Hate speech, cultural appropriation, transgender rights and white privilege are all examples of the “wokeness” that the Diddums like to display to demonstrate their superiority to the rest of the human race. Thus, a doctor refusing to address a 60 year old bearded man as Madam just because said man has decided to identify as a womxn (sic) is “problematic” and, obviously, the doctor must be sacked; as indeed he was.

The term “virtue signaling” was coined by a columnist in that Nazi publication The Spectator and it’s a term that the woke Diddums find problematic, probably because it exposes the narcissistic nature of many of their actions. With the Diddums it’s all about them and they would no more think of marching for LGBTQIA rights in a strictly Muslim country than they would give a rat’s arse about human rights abuses in places like North Korea.

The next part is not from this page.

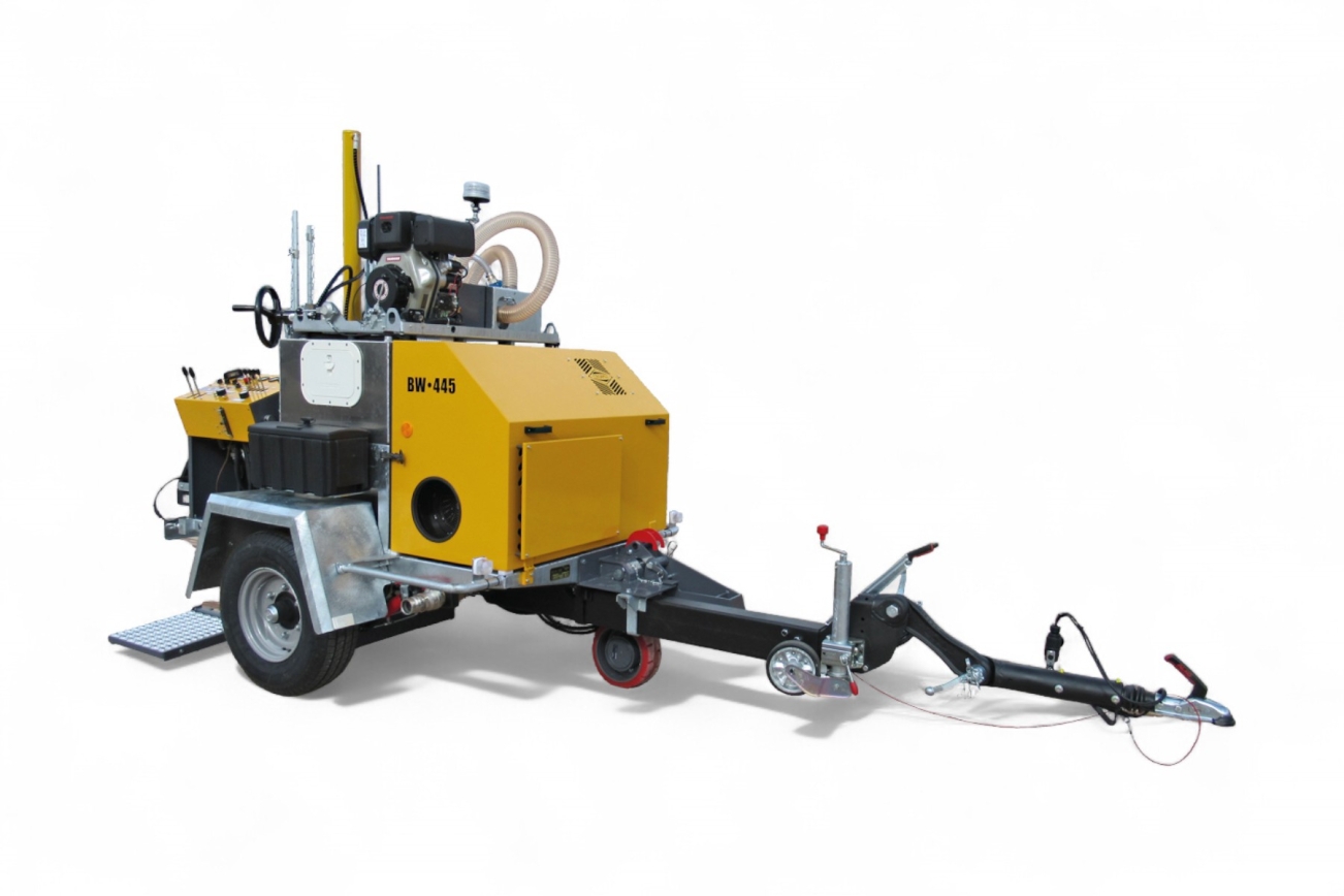 Auch der Transport ist durchdacht gelöst: Der BW-445 ist auf einem stabilen Fahrgestell aufgebaut und mit einer höhenverstellbaren Deichsel sowie wechselbarer Kugel- oder Ringösenkupplung ausgestattet. Mit einer Zulassung bis 100 km/h ist der Bohranhänger für den sicheren Straßentransport in der Schweiz bestens vorbereitet..

About the only tangible benefit the Diddums give back to society is their concern for the planet, even if it is based on dodgy science. Many of them are convinced Earth has only has twelve more years before everything expires thanks to our collective carbon footprint. For this reason they are refusing to fly and contribute further to the problem. This is great news because it’s going to make flights to holiday destinations far more pleasant for the rest of us. Given a Diddums or a crying baby in economy class on a ten hour flight I’ll take the crying baby any day.